Ja nie rozumiem takiej reakcji - o nic zapytać już na tym forum nie można wet wetem i każdy wie od czego on jest ale jak życie mnie nauczyło zawsze warto popytać tu i ówdzie- niestety weterynarze czasami albo bagatelizują albo niekiedy o pewnych nazwijmy to "sprawach" zapominają kiedyś weterynarz i to znany kazał zbitą nogę końską rozgrzewać ........ ponadto często jest tak że weterynarz nie może ot za 5 minut się zjawiać albo nie może rozmawiać bo ma akurat ciężki przypadek - kolka itp
jeśli chodzi o te mięśnie to raz miałam podobny przypadek - koń dostał p.zapalne oraz przykaz smarowania ketonalem - dwa razy dziennie
777, opisywalam niedawno w "przydomowych" jak znajomy wezwał wetów do kulawizny. -1wet badała rektalnie czy zapchana nie jest, czy kolki nie ma... tylko poczekala aż kobyła kupeskończy robić -taka metoda na diagnostyke nogi. drugi wet tez nic nie zrobił, nie poradził. gdy koń był już w stanie wręcz tragicznym (wlasciel wlasnie poprosil o pomoc, konsultacje znajomych -bo podobny przypadek mieliśmy, zadzwonil akurat vet2 żeby zapytać "co tam" i jak wydarlam sie ze mieśnoochwat, to przyznał, że kilka dni temu podejrzewał, że sie zaczyna..ale nic nie mówił, bo to takie tam..." trzeci dopiero poprawnie zareagował.
tak, warto pytać ludzi
tylko pytania musza być konkretnie nie "zamiast" konsultacji wet. przez tel też mozna weta zapytać, net jako cos dodatkowego. spuchniety miesień niby banał do określenia "pierwszej pomocy"(pisalismy to milion razy) ale... może być inna przyczyna niż uraz - wtedy postępowanie inne. po jednym zdaniu "spuchnięte" nie wiemy co na prawde jest spuchniete, dlaczego ani jak zareagowac... - zbyt duże ryzyko pomyłki wynikającej ze złej interpretacji zbyt ogólnego opisu...

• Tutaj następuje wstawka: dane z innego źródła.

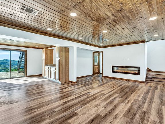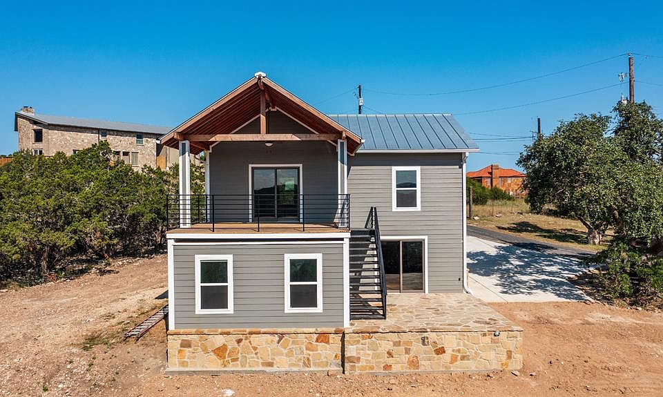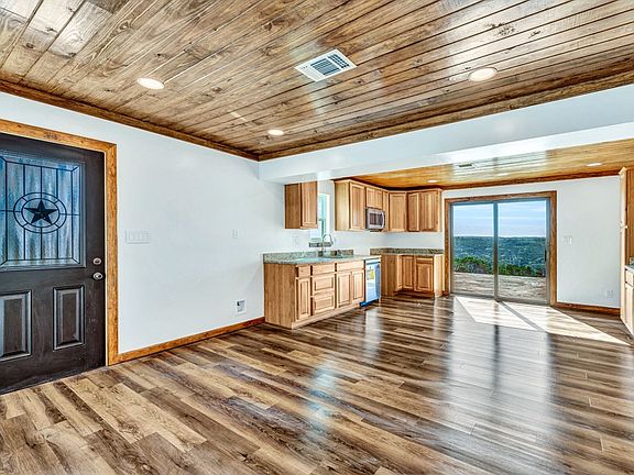 This 2 story 3/2 home sits on 2.5 acres in the Rustic Hills Subdivision in Hunt Texas, it has been completely rehabbed from top to bottom including SMART technology to control lighting & climate. Downstairs the master suite has a large walk in closet, beautiful walk in tile shower, nice sized laundry room as well as its own private patio to sit and watch the sunrise while drinking your coffee. The kitchen, dining and living area is one open space and includes a stainless steel Dishwasher and built in microwave as well as it's own sliding doors out to the patio. Upstairs has 2 bedrooms and one full bathroom w/a tiled shower/tub combo, a cedar lined closet as well as a 2nd living area and an office space. Both living areas include a PuraFlame electric fireplace. All the doors in this home are beautiful custom yellow pine, kitchen cabinets are Hickory and flooring is waterproof vinyl simulated wood. As soon as you step out onto the upper deck of this home you will be mesmerized by the breathtaking views it has to offer. There is lots of space for a nice size shop, circle drive or even a swimming pool. Lots of possibilities with this home. Square footage should be verified by buyers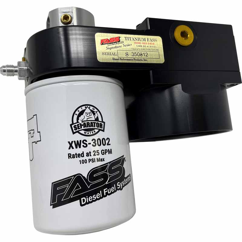 FASS Fuel Systems Drop-In Series Diesel Fuel System fits GM trucks (DIFSL5P1001) Fits: 2017-2019 Crew Cab Short Bed L5P Duramax Fits: 2017-2023 Crew Cab Long Bed L5P Duramax Part No: DIFSL5P1001 The FASS Drop-In Series Diesel Fuel System was engineered by FASS to be the most effective filtration solution for the L5P Duramax. Backed by our limited lifetime warranty, the Drop-In Series Fuel System protects your L5P Duramax from the issues caused by fuel contamination. Without proper fuel filtration, modern diesel injection systems are prone to excessive wear, which can cost THOUSANDS! By removing over 99% of the water from your diesel fuel, along with entrained air and debris down to 2 Microns, the Drop-In Series System protects the L5P’s injection system from premature failure. Additionally, by eliminating the contaminants mentioned above, our Drop-In Series System for the L5P Duramax optimizes MPG (results will vary), restores horsepower, and sharpens throttle response. And if reliability, optimized MPG, restored horsepower, and a sharper throttle response isn’t enough, this system can be installed in an hour or less! This is a true plug-and-play system, requiring no cutting, wiring, or additional modifications. Better still, this system requires ZERO tuning changes! Whether your L5P is stock or modified, our Drop-In Series Systems will not require adjusting tunes or clearing any codes. Our industry-leading water removal capabilities (3rd-party proven to exceed 99%) are reinforced by the unique design of our Extreme Water Separator (XWS). If our XWS reaches capacity, it acts as a dam, shutting down your truck and preventing major destruction of fuel system components.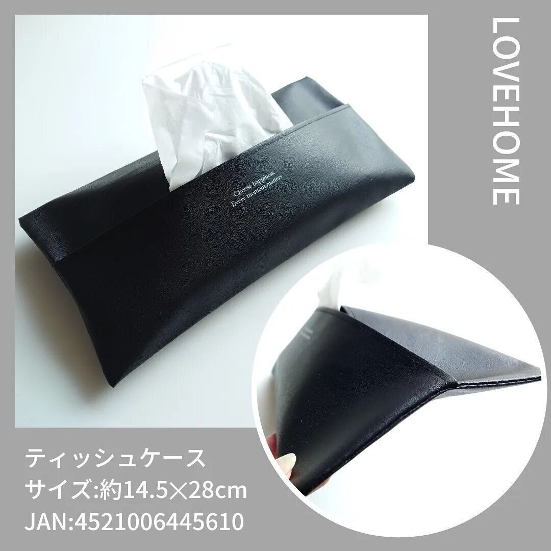 本物のレザーのような質感が高見えするティッシュボックスカバーです。家の中で使うのはもちろんのこと、車の中で使うのにおすすめです。生活感をなくしてくれるので、車内のインテリアをシックにまとめてくれます。ボタンで留めるタイプのティッシュカバーなので交換するときも簡単ですね。黒以外にはキャメルがあり、お好みで選べます。220円とは思えないクオリティのティッシュカバーです。
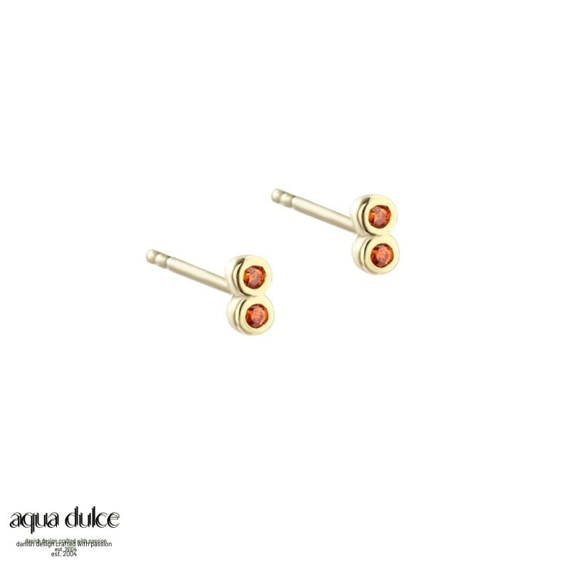 TINY ORANGE, Ørestikker i forgyldt sterling sølv med 2 små orange zirkonia.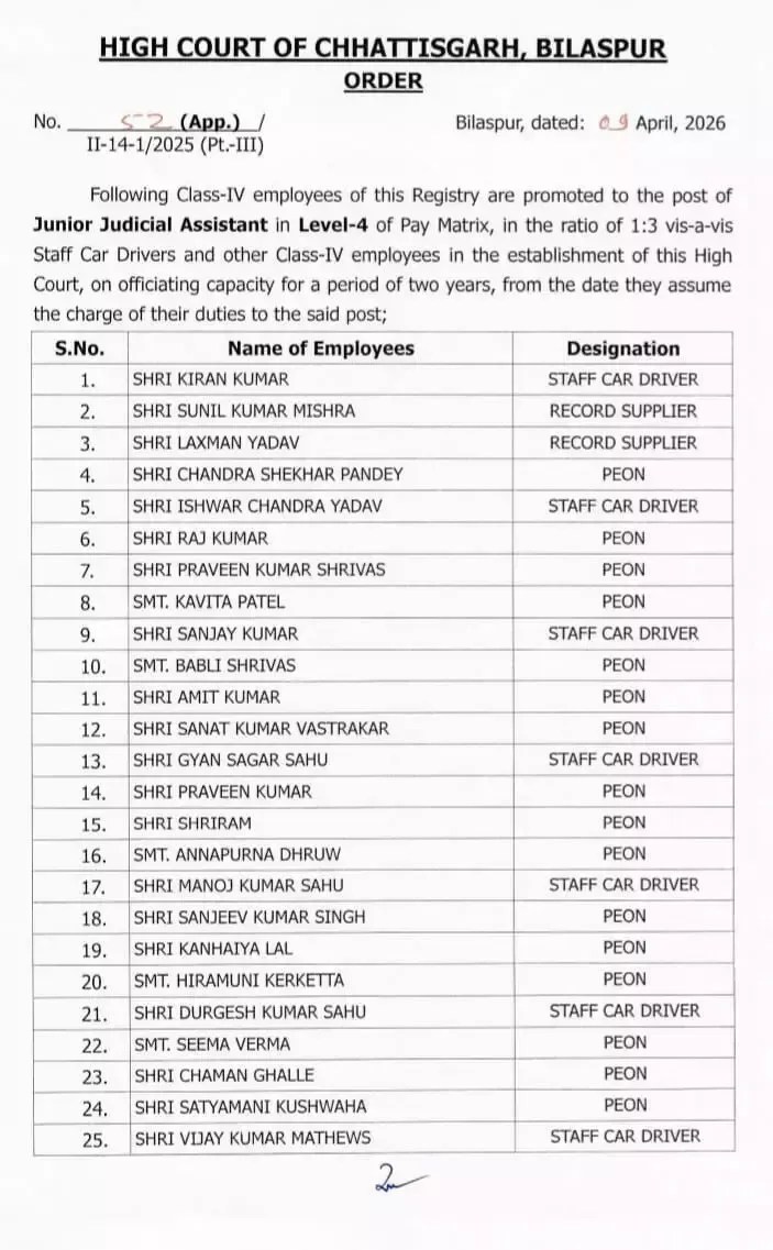 बिलासपुर : छत्तीसगढ़ के बिलासपुर स्थित हाई कोर्ट रजिस्ट्री में कार्यरत कर्मचारियों के लिए बड़ी खबर सामने आई है। हाई कोर्ट ने 25 कर्मचारियों को पदोन्नति का लाभ देते हुए आधिकारिक आदेश जारी किया है। इस निर्णय से कर्मचारियों में उत्साह का माहौल है। पदोन्नत होने वाले कर्मचारियों में स्टाफ कार चालक, रिकॉर्ड आपूर्तिकर्ता, चपरासी सहित श्रेणी-IV के विभिन्न पदों पर कार्यरत कर्मचारी शामिल हैं। इन सभी को अब कनिष्ठ न्यायिक सहायक के पद पर पदोन्नत किया गया है।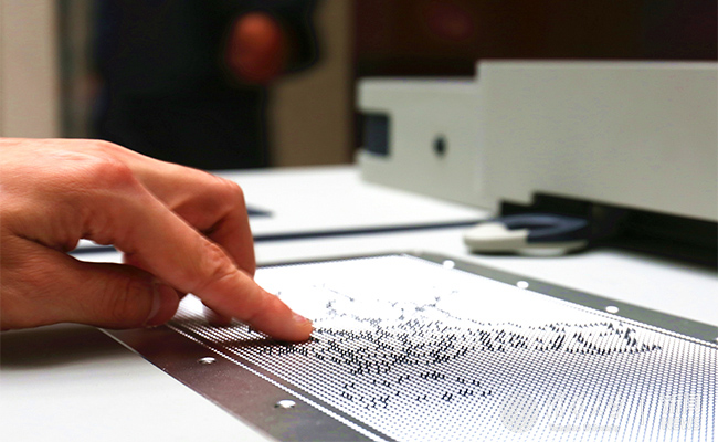 由开云线上(中国)网页版自主研发的大幅面触觉图形显示终端的产品与传统的计算机屏幕不同,触觉图形显示终端的表面由可以凸起和收回的点阵组成。通过计算机控制这些点阵的变化,可以把传统的图片变成可以触摸的图形。盲人用户通过触摸这些凸起点阵所组成的盲文或触觉图...

to wszystko to niestety prawda ale czasami to się człowiekowi niedobrze robi jak kilku weterynarzy bada konia - robi usg rtg itp itd - że niby ok .... potem po kilku miesiącach się okazuje że nie jest ok a na wyleczenie często gęsto za późno bez konsultacji z wetem oczywiście nie ma co się brać za samodzielne leczenie ale czym więcej ludzi wie tym lepiej - a nuż ktoś coś podpowie - oczywiście trzeba mieć jeszcze własny rozum i umieć "odsiać " plewy od ziarna Ja zbyt emocjonalnie podchodzę do takich tematów bo przyznam że niejeden wet to mnie z równowagi wyprowadził tak że gotowa byłam zamordować na miejscu. Jedna taka kobita, gdyby nie mój rozsądek to doprowadziła by do zgonu konia w kilka sekund - ta pani wet już u mnie nigdy więcej się nie pojawiła w stajni Na szczęście mam inną weterynarkę bardzo mądrą i cieszę się że ją mam jednak jak się mieszka w jakiejś pipidówie to niestety trzeba się liczyć z tym że większość wetów to konia często boi się dotknąć....ech
Ja zrozumiałam, że pytanie było typu: - spuchło nagle, co robić zanim przyjedzie lekarz ? I ja bym chłodziła. Jednak umawianie wizyty lekarza na "za tydzień" jest bez sensu bo za ten czas albo stęchnie albo się tak popsuje, że rzeczywiście postawienie diagnozy i leczenie będzie trudne. No i (bez obrazy) zastanowiłabym się czy to ja tego koniowi nie zrobiłam. Moje pond 25 letnie doświadczenie zawodowe daje mi przekonanie, że 90% schorzeń zwierząt jest z winy ludzi.